* [TASK REQUIREMENTS]: Having found the line containing "街子古镇有点委屈媛媛了,景区人多,车不能进古镇,默默地待在一角" in the records below, copy that line and each later one exactly, dropping pictures.

(Extracted records)
■ ■ ■ ■

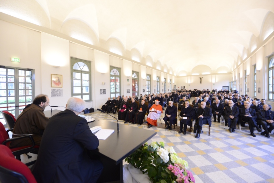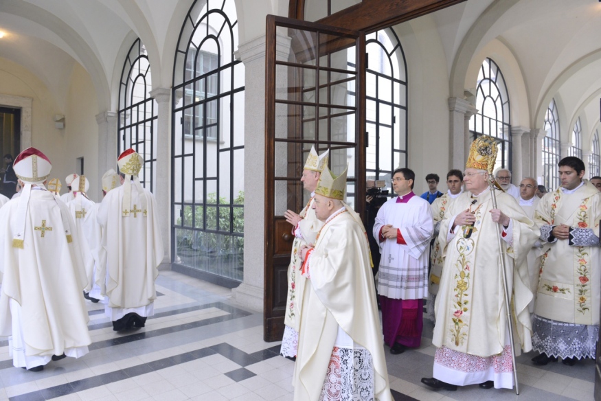 Nell’Aula intitolata a Paolo VI – in cui vengono poste le opere -, prende la parola per la riflessione iniziale monsignor Paolo Martinelli, vescovo ausiliare e vicario per la Vita consacrata maschile (quest’anno per la prima volta sono invitati anche i presbiteri religiosi). Parla della “Missione del prete oggi”: «Un tema appassionante soprattutto per il profilo del sacerdote ambrosiano. Infatti, la storia della nostra Chiesa ci narra di un’intensa vita spirituale e di studio rigoroso che si documenta nell’inserzione dei seminaristi in luoghi di missione e di sofferenza». Così come lo stesso Martinelli ha potuto vedere personalmente presso l’Istituto Sacra Famiglia, dove era impegnato come giovane sacerdote cappuccino: «La buona fama del clero ambrosiano si gioca nell’intreccio tra missione e oggi. Non si tratta di pensare, in modo astorico, l’idea del presbitero in una concezione astratta da applicare meccanicamente, ma nemmeno di vederla come “liquida”. Non si può pensare, infatti, al sacerdote come a un dispositivo, uno smartphone a cui applicare delle app, ma come persona che si qualifica nella missione: come un mandato, un inviato per il preciso compito dell’edificazione del Regno. La novità del ministero ordinato cristiano trae la sua origine dalla novità di Cristo, quale missione stessa del Padre. La missione al cuore del popolo non è un’appendice o un momento tra gli altri, “ma qualcosa che non si può sradicare dal mio essere prete se non voglio autodistruggermi”, scrive infatti papa Francesco in Evangelii Gaudium. Il prete non può che comprendersi nel legame inscindibile tra Colui che manda e coloro a cui si è mandati». In questo senso, la missione del presbitero non può che assumerne tutte le circostanze e ciò comporta il confronto, la valorizzazione quotidiana di ciò che edifica il bene di tutti: «Dio si comunica attraverso la realtà umana, per questo ha bisogno degli uomini (il richiamo è al volume del Cardinale dal medesimo titolo e dedicato alla vocazione, ndr) e, dunque, il prete oggi ha il compito di testimoniare come l’incontro con Cristo realizzi l’umano, formando i fedeli all’Evangelo. Così, il sacerdote deve avere a cuore lo sguardo tenero di Cristo sull’umano, che sa ritrovare il bene in ogni persona. La vita come vocazione non è una premessa da lasciarsi magari alle spalle, ma è la struttura stessa della vita. Non è la disponibilità a generare la missione, ma la chiamata personale, ma non individuale, che chiede sempre appartenenza affettiva ed effettiva al presbiterio, in una reciproca inclusione, capace di valorizzare i diversi carismi della Chiesa». Come prioritariamente avviene nell’attenzione specifica alla famiglia crocevia dell’umano, in cui si gioca il ruolo cruciale del laicato. «Quando il presbitero vive la propria missione come dedizione al popolo di Dio può sperimentare la gioia profonda di una vita data e, per questo, piena e compiuta: un segno luminoso per tutta la nostra Chiesa e un invito incoraggiante per i novelli presbiteri».
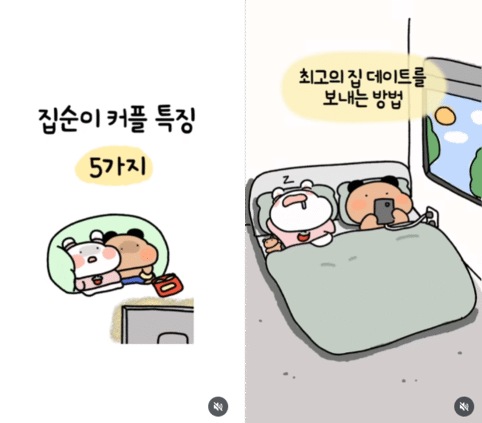 순돌희네는 ‘순희’와 ‘돌희’ 커플의 일상을 담은 릴스툰 채널이에요. 캐릭터 이름은 ‘집순희(집순이)’와 ‘집돌희(집돌이)’에서 따왔을 만큼, 대부분의 콘텐츠가 집 데이트나 집 안에서 보내는 일상을 중심으로 구성되어 있어요. 예를 들어 ‘집순이 커플 특징 5가지’, ‘최고의 집 데이트를 보내는 방법’과 같은 내용을 다루는 식이죠.
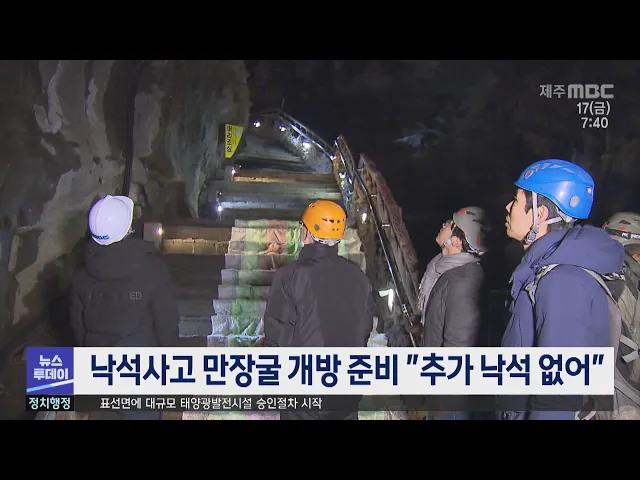 제주도가 지난 1월 낙석이 발생해 폐쇄된 만장굴에서 해빙기 점검을 실시하고 위험요인을 제거하는 등 개방 준비에 들어갔습니다. 제주도는 카메라 4대를 설치해 24시간 영상 모니터링한 결과 낙석 등 특이사항이 나타나지 않았고 전문가와 함께 동굴 천정을 점검해 흔들림이 있는 바위 조각은 제거했습니다. 제주도는 전...
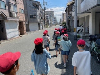 3年生は、社会科の学習で校区たんけんに行きました。コンビニエンスストアやパン屋などを地図に書き込み、自分たちのまちのことについて調べました。
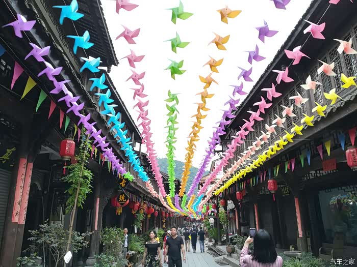 街子古镇有点委屈媛媛了,景区人多,车不能进古镇,默默地待在一角
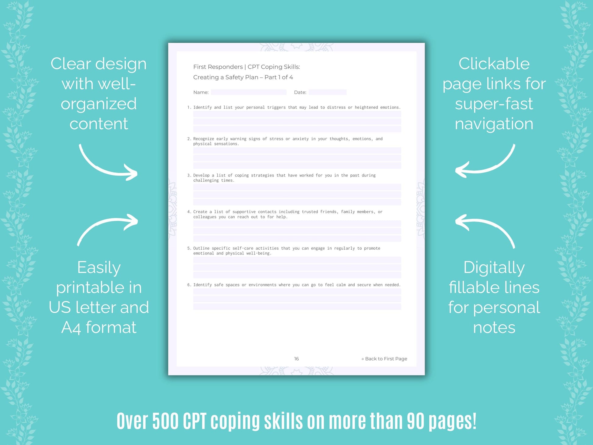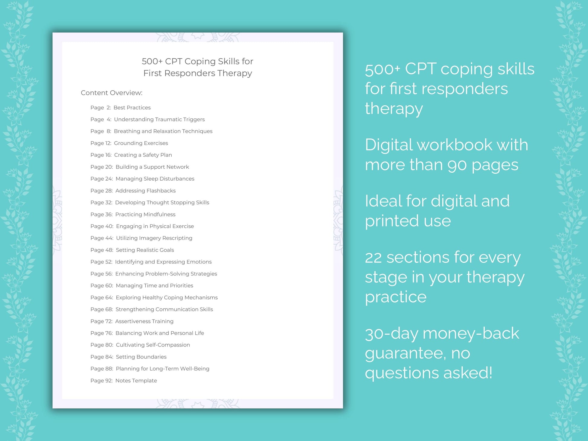 📚 Contains: One PDF workbook with over 500 cognitive processing therapy (CPT) coping skills for first responders therapy in 22 sections, instantly downloadable in US letter and A4 size.

■ ■ ■ ■

* [RESULT BELOW]:
 街子古镇有点委屈媛媛了,景区人多,车不能进古镇,默默地待在一角
 📚 Contains: One PDF workbook with over 500 cognitive processing therapy (CPT) coping skills for first responders therapy in 22 sections, instantly downloadable in US letter and A4 size.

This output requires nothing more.